Verfassungsblog
- Website type: Blog
- Available in: 2 languages
- List of languages English, German
- Founded: July 30, 2009
- Headquarters: {{{location_country}}}
- Founder: Maximilian Steinbeis
- Website: verfassungsblog.de

= Verfassungsblog =

German legal blog on matters constitutional

Verfassungsblog (lit. 'constitution blog') is an academic blog published in German and English that focuses on public law in Germany, Europe and beyond. It was founded on 30 July 2009 by Maximilian Steinbeis and is now published in cooperation with the Berlin Institute for Advanced Study and Humboldt University Berlin.

== Content ==
Maximilian Steinbeis, a Berlin-based lawyer and journalist, opened the blog on 30 July 2009, stating that his blog was the first German-language blog on constitutional law. Although the website began as a personal blog, Steinbeis soon invited others to publish their contributions on the website. The blog initially focused on German law, broadening its focus to constitutional law in Europe, and eventually including publications by American law scholars. As of 2020, Steinbeis remains as the chief editor of the blog.

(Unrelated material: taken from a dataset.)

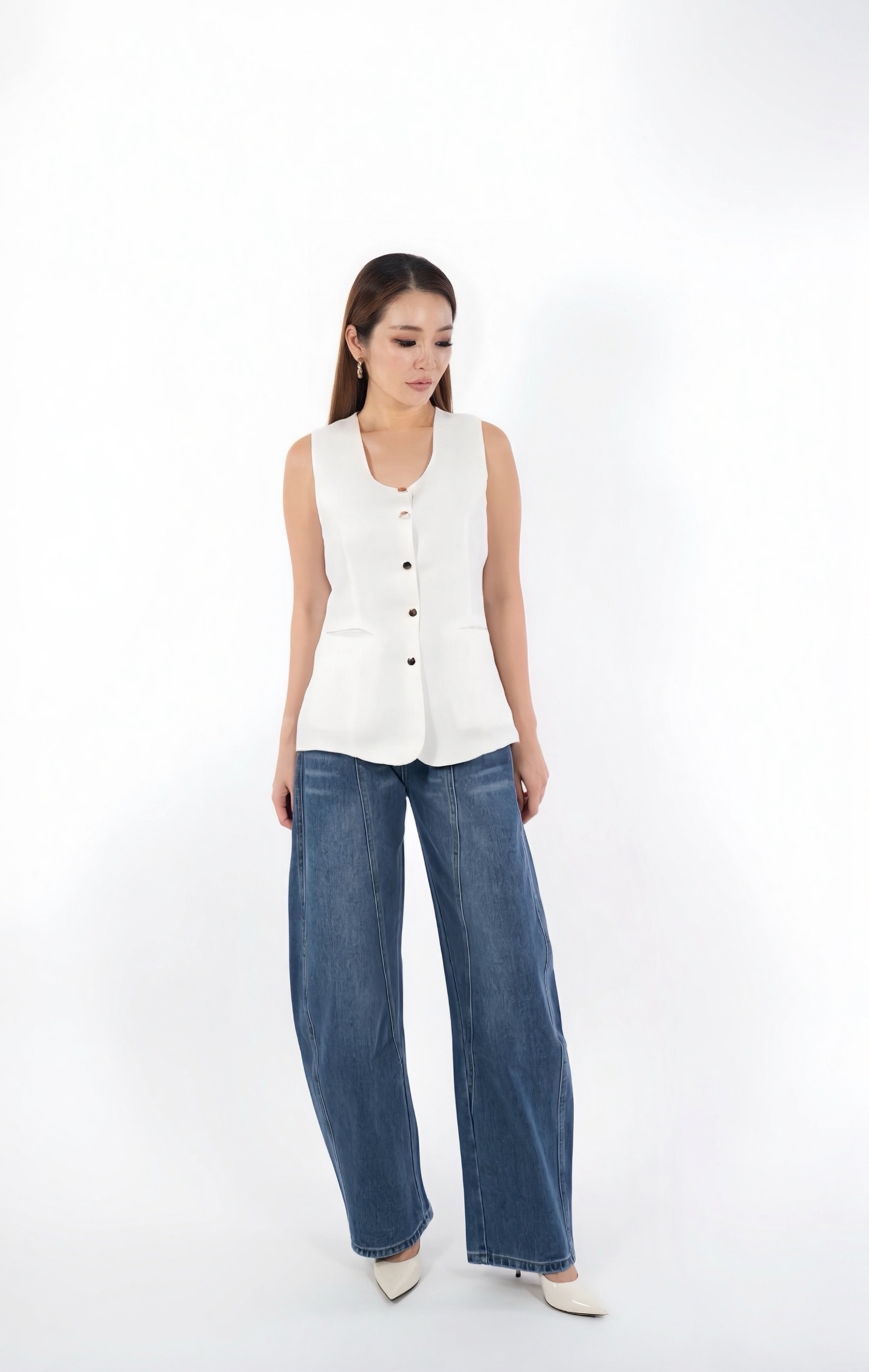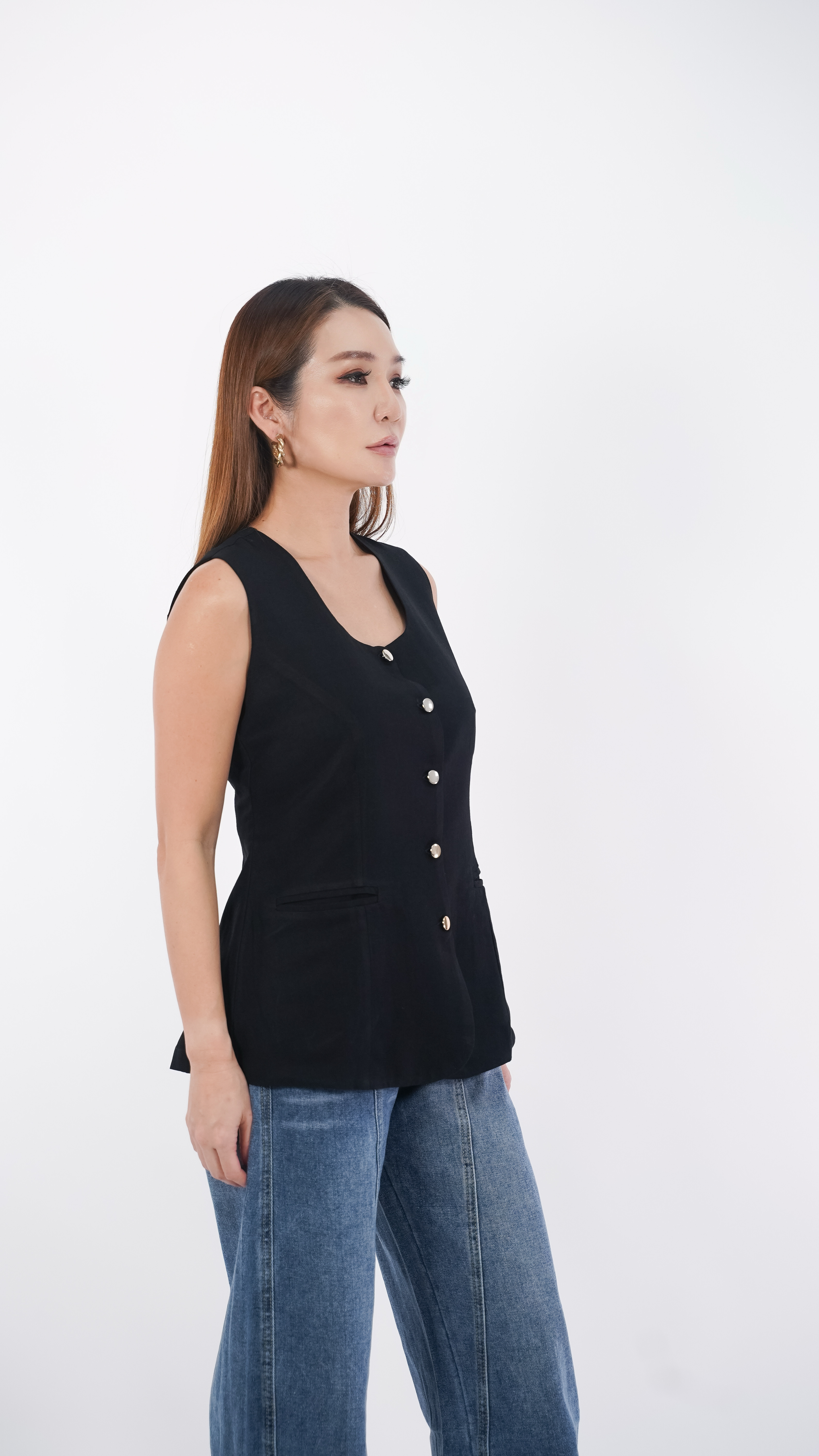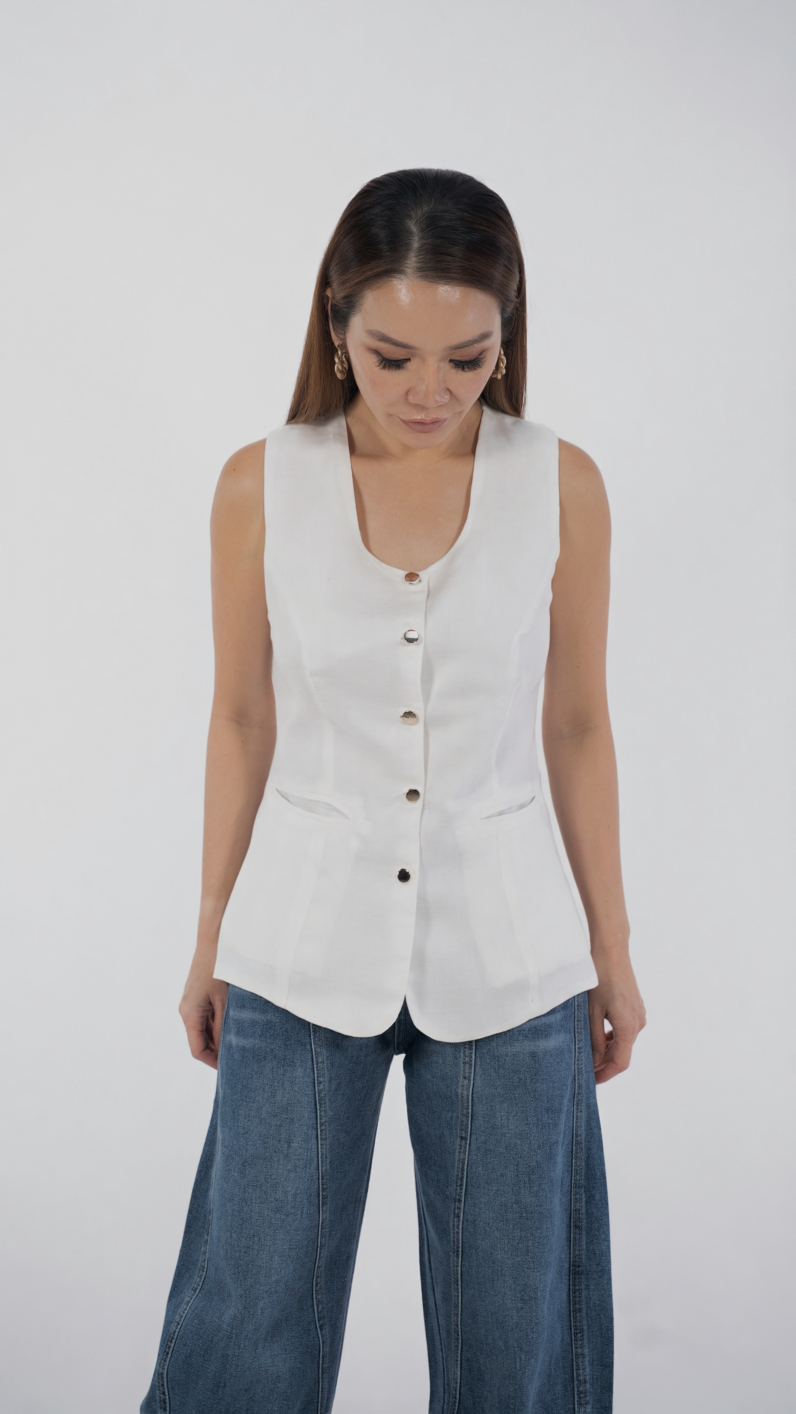 A clean, structured vest crafted from breathable linen — designed for effortless sophistication. Featuring a sculpted waist, front button closure, and subtle welt pockets, this piece shapes the body beautifully while staying lightweight and comfortable. Perfect for styling with denim, tailored trousers, or as a polished layering piece. Fabric: Linen Details: • Sculpted waistline • Front button fastening • Welt pocket detailing • Adjustable back strap (Black version)

In 2011, cooperation with the Berlin Institute for Advanced Study began. Verfassungsblog publishes content in four categories: blog posts, debates among multiple scholars, podcasts, and an editorial section. It is open access and all content published on the website receives a DOI for long-term archiving.

More than 1,000 people have published on the blog; contributors include Jürgen Habermas, Pedro Cruz Villalón, Giuliano Amato, Yuval Shany, as well as Robert C. Post.

== Reception ==
The "Recht im Kontext" research association's external evaluation described the blog as "one of the most interesting and most widely read forums for constitutional law and policy" and a "must read" for legal scholars who research constitutional law in Europe. The School of Transnational Governance at the European University Institute described the blog as "one of the leading blogs on constitutional law in Europe". Der Tagesspiegel described it as "an important discourse platform for European law".

The 2020 European Commission rule of law report stated that Verfassungsblog is a "widely read platform for discussions on rule of law related topics [that] has gained in importance over recent years and has become a forum for both domestic as well as European discussions on the rule of law".

Verfassungsblog has been cited in case law, including by Germany's Federal Court of Justice and the Supreme Court of Poland.